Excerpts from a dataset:
□ □ □ □ □ □ □

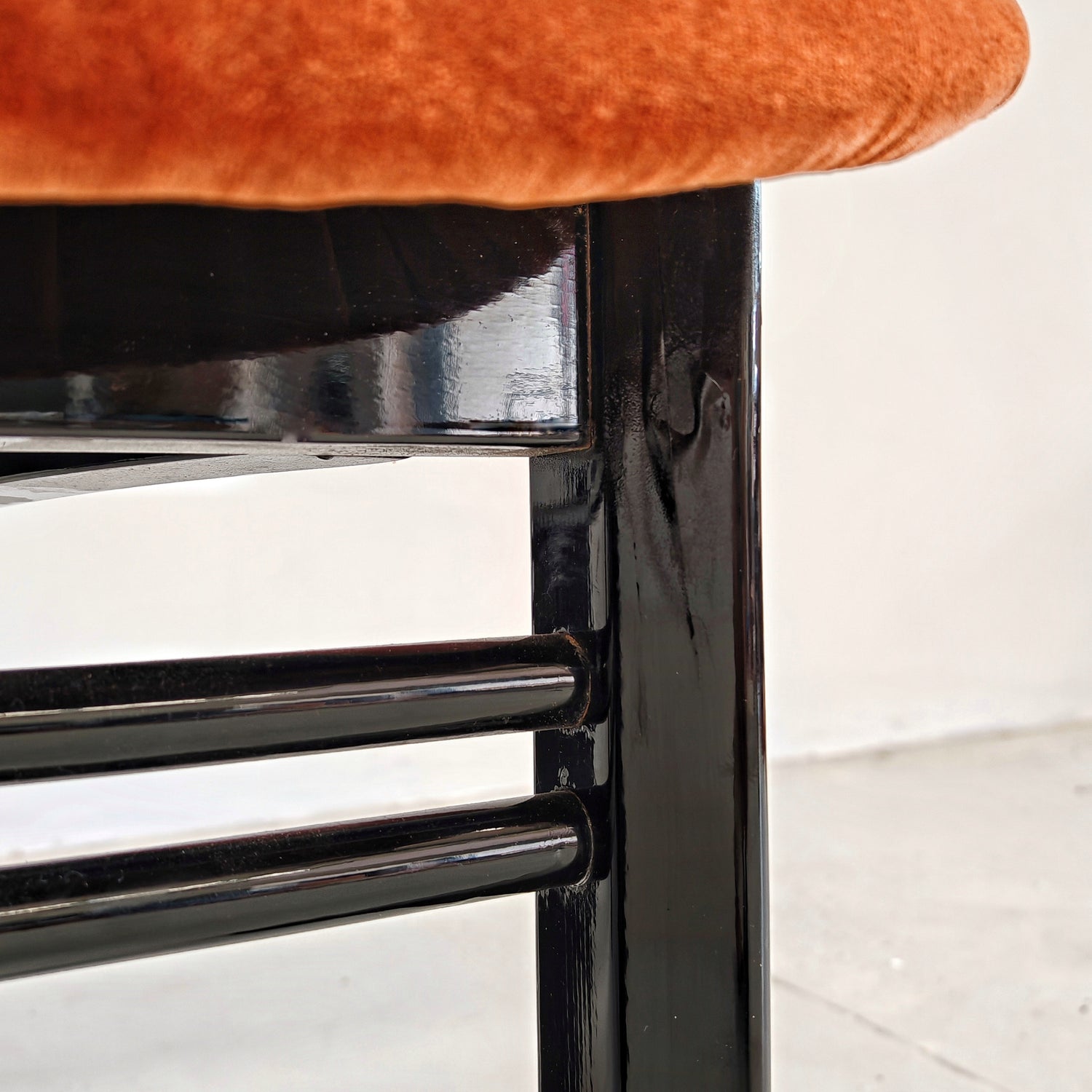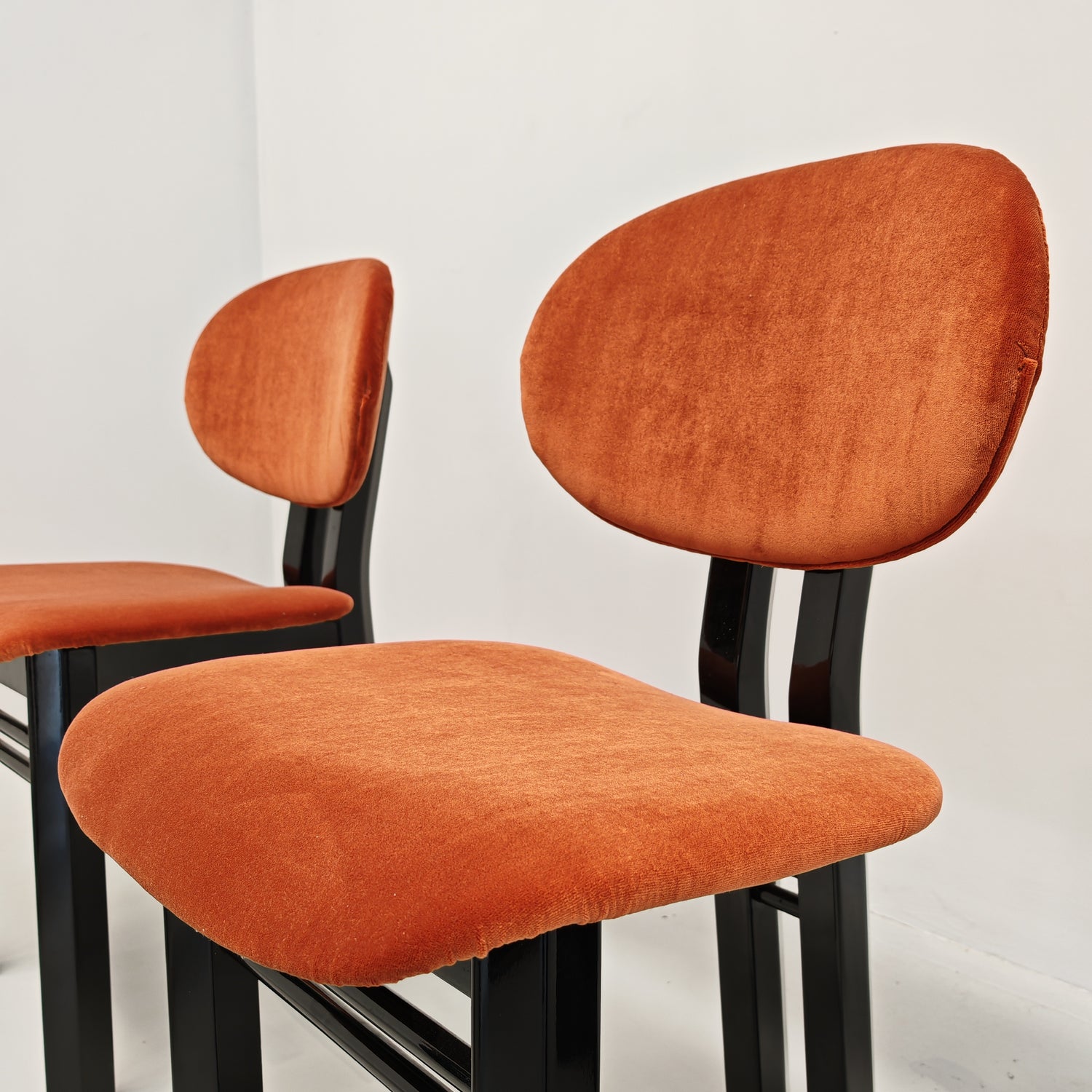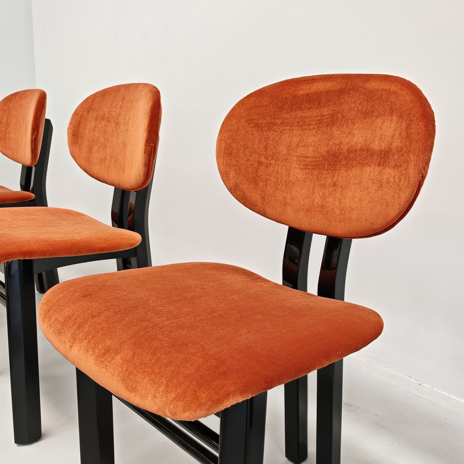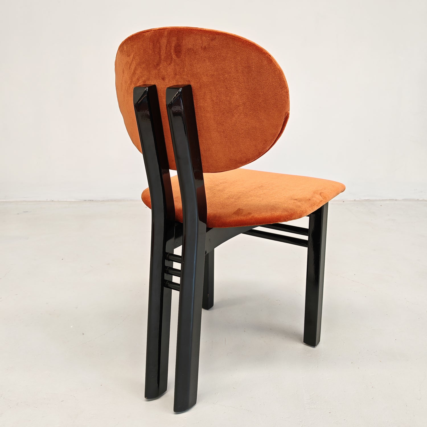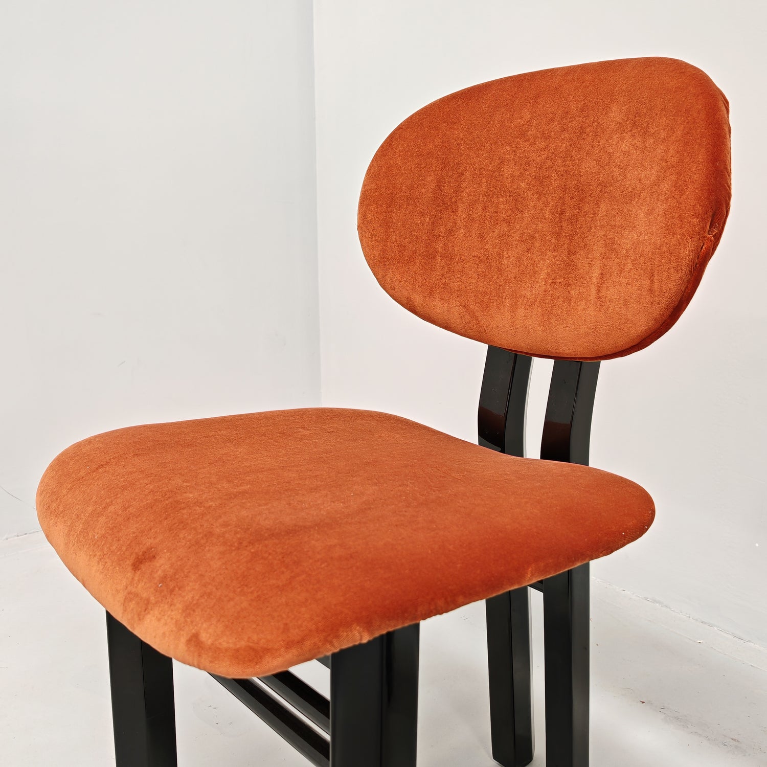 La sedia MED è stata realizzata nel 1983 da Giotto Stoppino e Lodovico Acerbis per Acerbis. Si caratterizza per il suo contrasto tra curve e linearità, come la particolare sezione delle gambe, che ricorda il Flatiron Building di Manhattan, e le rotondità di schienale e seduta realizzate in multistrato curvato. Nel 2022 Acerbis le ha riproposte nella collezione Remasters, questo set invece appartiene alla produzione originale anni 80 e si distingue per la laccatura in poliestere nero lucido rispetto alle finiture opache delle produzioni recenti. Il rivestimento e l'imbottitura sono stati rinnovati applicando spugne nuove e un velluto top quality color ruggine.
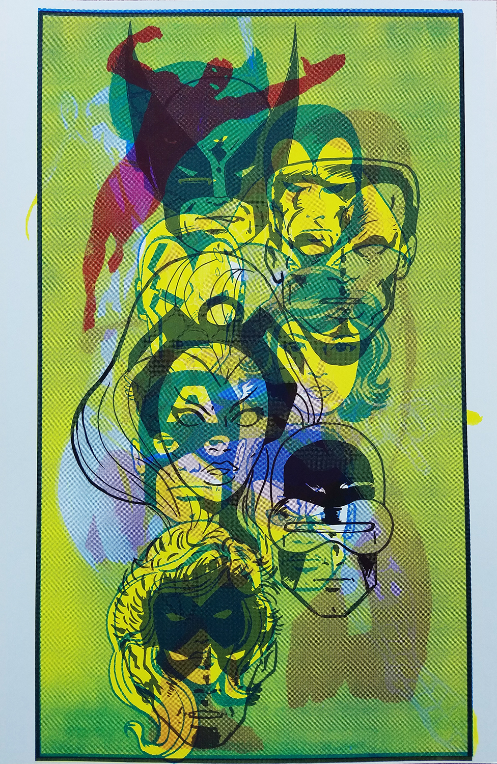 One of a kind print using screens from four different corner box prints. Four screens on cover stock. Measures 12" x 18"
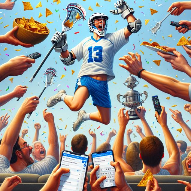 ChatGPT: Generate an image of a hyper-realistic lacrosse player leaping in triumph, surrounded by teammates cheering, with the trophy in hand and confetti raining down. In the background, show individuals frustratedly handling sticky remote controls, with nacho crumbs on their fingers, attempting to operate Google search to look up "Oprah Winfrey."
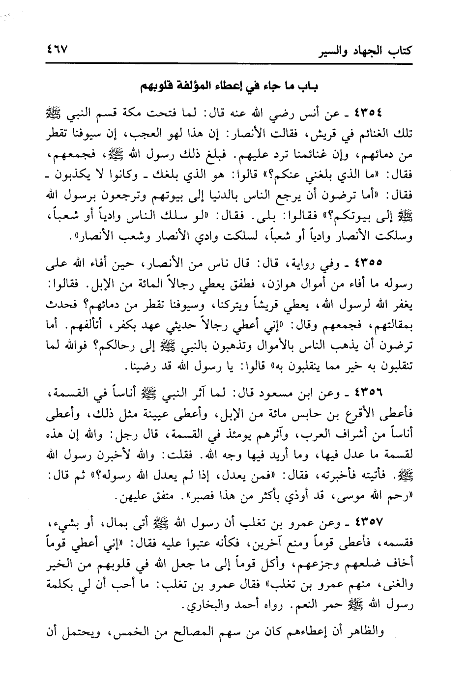 4357- وَعَنْ عَمْرِو بْنِ تَغْلِبَ أَنَّ رَسُولَ اللهِ - صلى الله عليه وسلم - أُتِيَ بِمَالٍ أَوْ بِسَبْيٍ فَقَسَمَهُ، فَأَعْطَى قَوْمًا وَمَنَعَ آخَرِينَ، فَكَأَنَّهُمْ عَتَبُوا عَلَيْهِ، فَقَالَ: «إنِّي أُعْطِي قَوْمًا أَخَافُ ضَلَعَهُمْ وَجَزَعَهُمْ، وَأَكِلُ قَوْمًا إلَى مَا جَعَلَ اللهُ فِي قُلُوبِهِمْ مِنْ الْخَيْرِ وَالْغِنَى مِنْهُمْ عَمْرُو بْنُ تَغْلِبَ» . فَقَالَ عَمْرُو بْنُ تَغْلِبَ: مَا أُحِبُّ أَنَّ لِي بِكَلِمَةِ رَسُولِ اللهِ - صلى الله عليه وسلم - حُمْرَ النَّعَمِ. رَوَاهُ أَحْمَدُ وَالْبُخَارِيُّ.
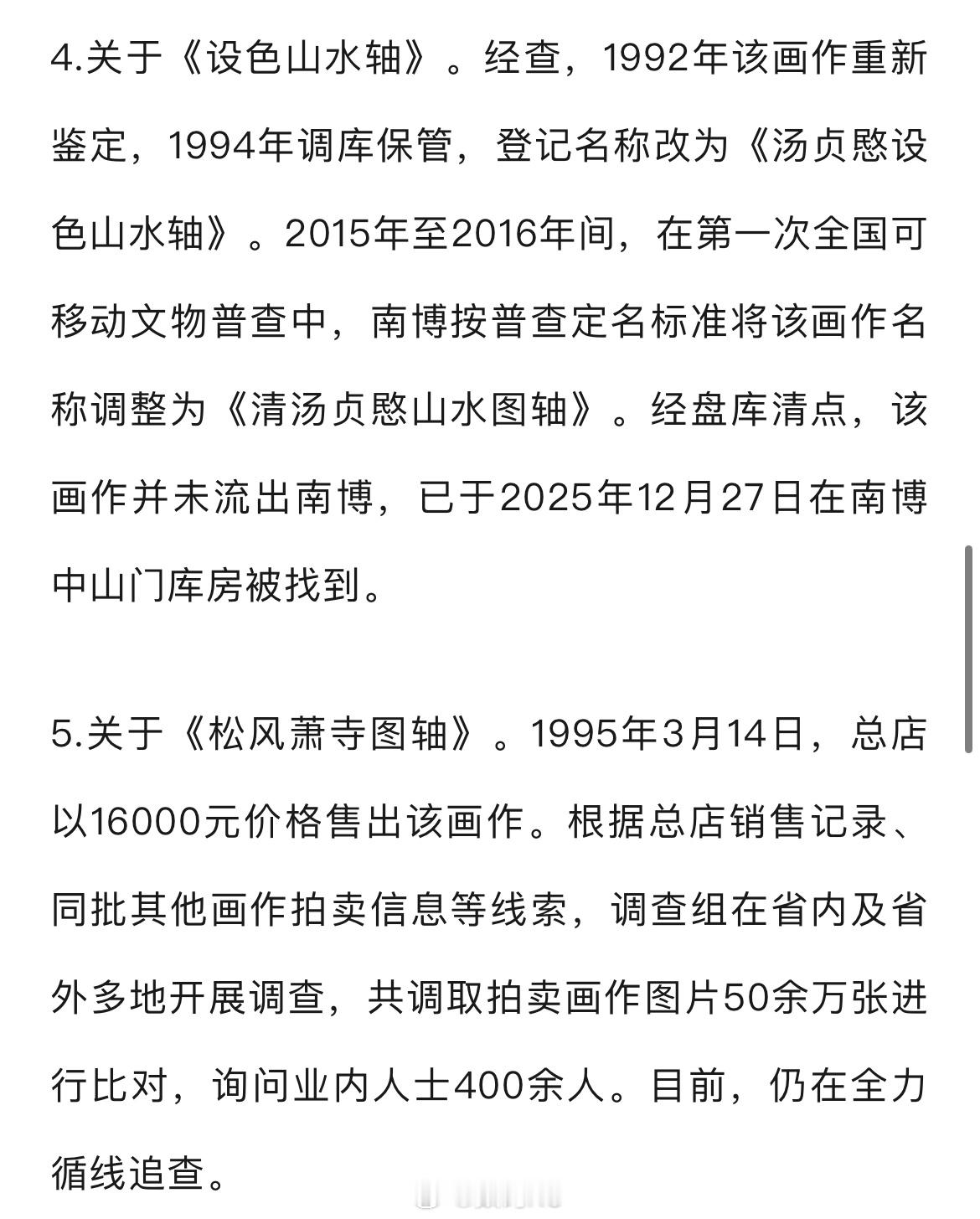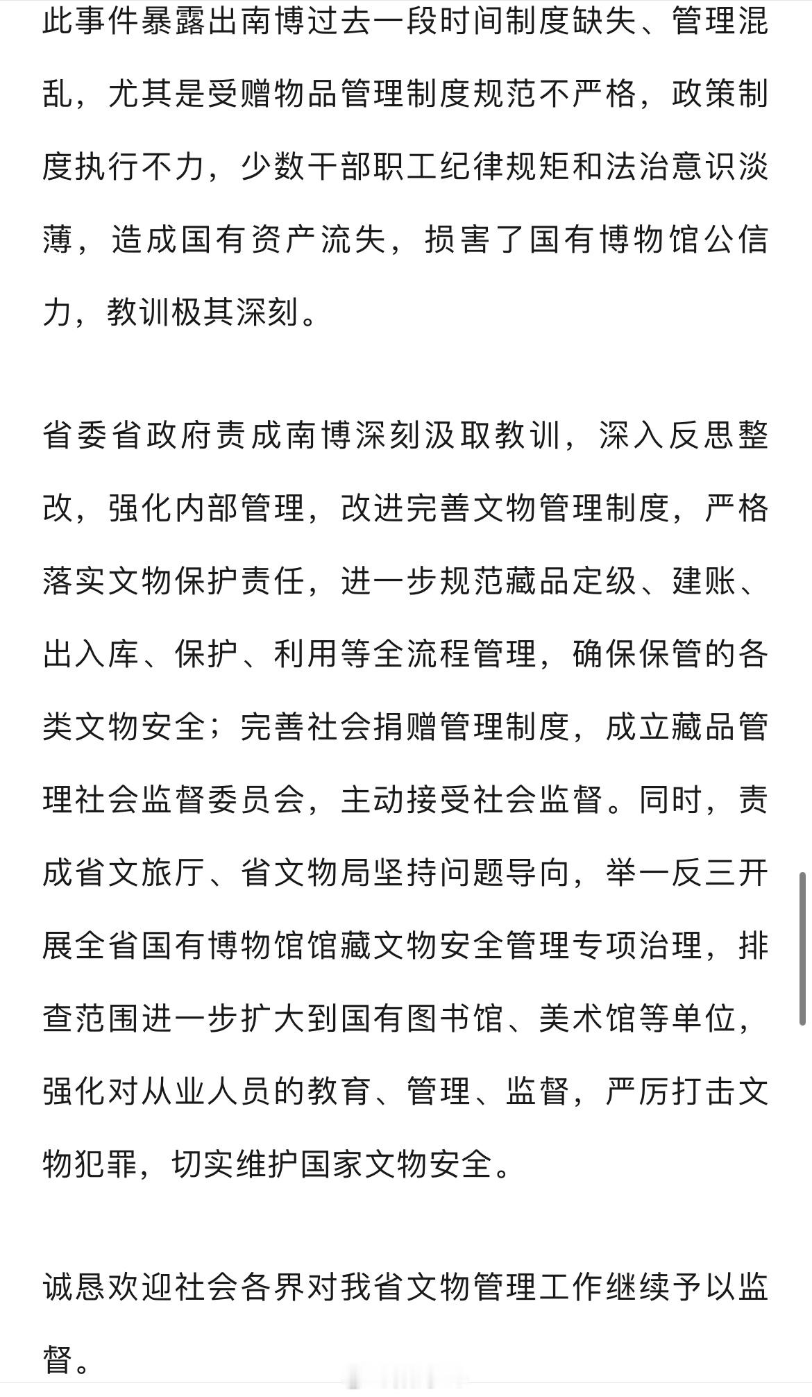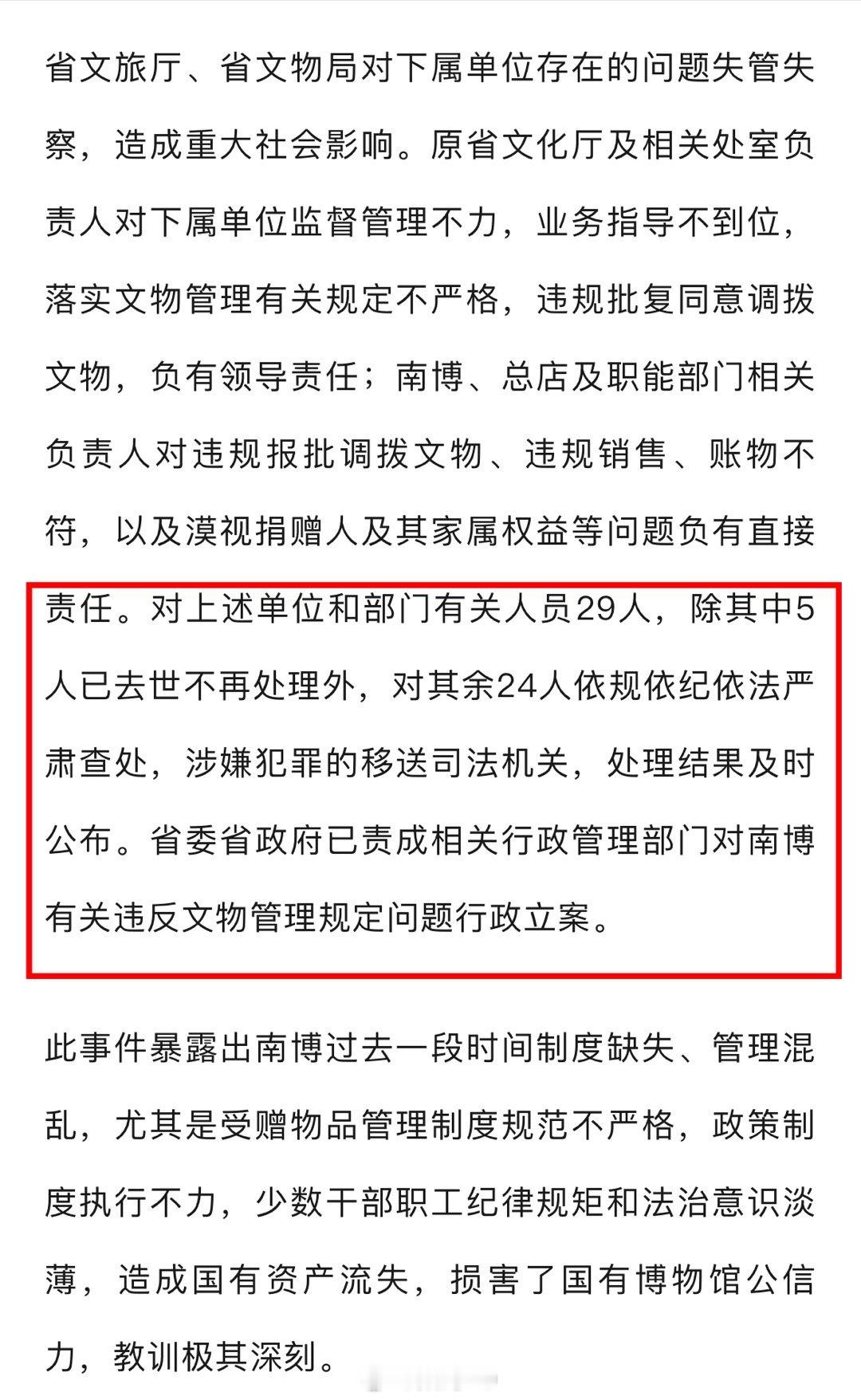 南京博物院事件最新通报南京博物院事件最新通报,徐湖平在担任南博及总店相关负责人期间,违规调拨、销售馆藏文物,对内部管理混乱问题失管失察,涉嫌严重职务违法,正接受审查调查。南博员工张某利用职务便利私自买卖文物。省文旅厅等部门监管不力,29名相关人员中24人被严肃查处,南博被行政立案。
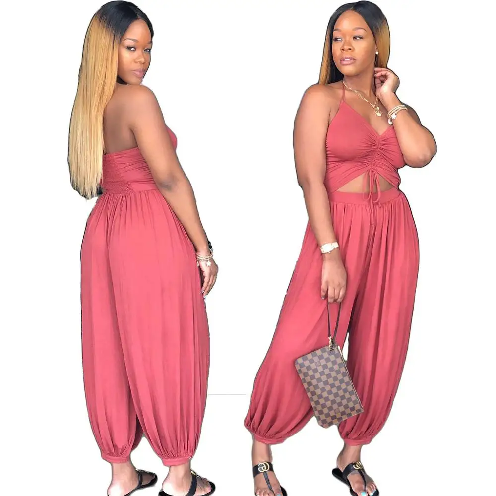 2019 Модные женские комбинезоны, повседневные сексуальные Свободные Комбинезоны без рукавов на бретельках, элегантные широкие брюки, брюки с...
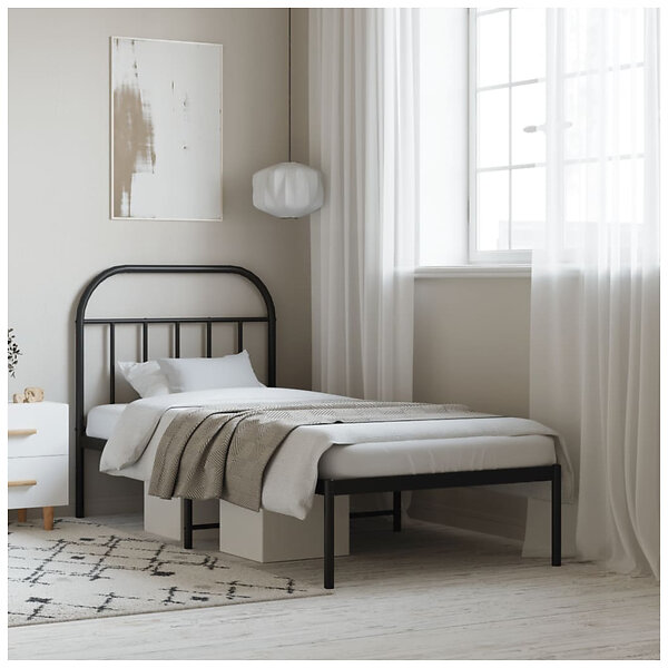 vidaXL Sängram med huvudgavel metall svart 90x200 cm
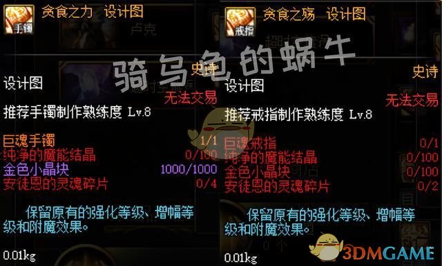 巨魂首饰升级贪食系列所需的材料也大大减少!改版后只需要2颗红豆就能升级,金色小晶块也从1000个降到了100个,简直是为平民玩家量身定做!
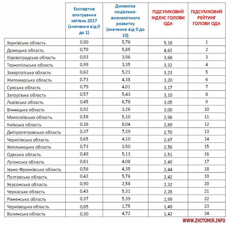 Повністю аналіз рейтингу голів ОДА читайте тут

□ □ □ □ □ □ □

What needs to be done: Looking at the records above, extract only the lines from the one with "ChatGPT: Generate an" through the last line, exactly, with the pictures left out.

Response to the task:
 ChatGPT: Generate an image of a hyper-realistic lacrosse player leaping in triumph, surrounded by teammates cheering, with the trophy in hand and confetti raining down. In the background, show individuals frustratedly handling sticky remote controls, with nacho crumbs on their fingers, attempting to operate Google search to look up "Oprah Winfrey."
 4357- وَعَنْ عَمْرِو بْنِ تَغْلِبَ أَنَّ رَسُولَ اللهِ - صلى الله عليه وسلم - أُتِيَ بِمَالٍ أَوْ بِسَبْيٍ فَقَسَمَهُ، فَأَعْطَى قَوْمًا وَمَنَعَ آخَرِينَ، فَكَأَنَّهُمْ عَتَبُوا عَلَيْهِ، فَقَالَ: «إنِّي أُعْطِي قَوْمًا أَخَافُ ضَلَعَهُمْ وَجَزَعَهُمْ، وَأَكِلُ قَوْمًا إلَى مَا جَعَلَ اللهُ فِي قُلُوبِهِمْ مِنْ الْخَيْرِ وَالْغِنَى مِنْهُمْ عَمْرُو بْنُ تَغْلِبَ» . فَقَالَ عَمْرُو بْنُ تَغْلِبَ: مَا أُحِبُّ أَنَّ لِي بِكَلِمَةِ رَسُولِ اللهِ - صلى الله عليه وسلم - حُمْرَ النَّعَمِ. رَوَاهُ أَحْمَدُ وَالْبُخَارِيُّ.
 南京博物院事件最新通报南京博物院事件最新通报,徐湖平在担任南博及总店相关负责人期间,违规调拨、销售馆藏文物,对内部管理混乱问题失管失察,涉嫌严重职务违法,正接受审查调查。南博员工张某利用职务便利私自买卖文物。省文旅厅等部门监管不力,29名相关人员中24人被严肃查处,南博被行政立案。
 2019 Модные женские комбинезоны, повседневные сексуальные Свободные Комбинезоны без рукавов на бретельках, элегантные широкие брюки, брюки с...
 vidaXL Sängram med huvudgavel metall svart 90x200 cm
 巨魂首饰升级贪食系列所需的材料也大大减少!改版后只需要2颗红豆就能升级,金色小晶块也从1000个降到了100个,简直是为平民玩家量身定做!
 Повністю аналіз рейтингу голів ОДА читайте тут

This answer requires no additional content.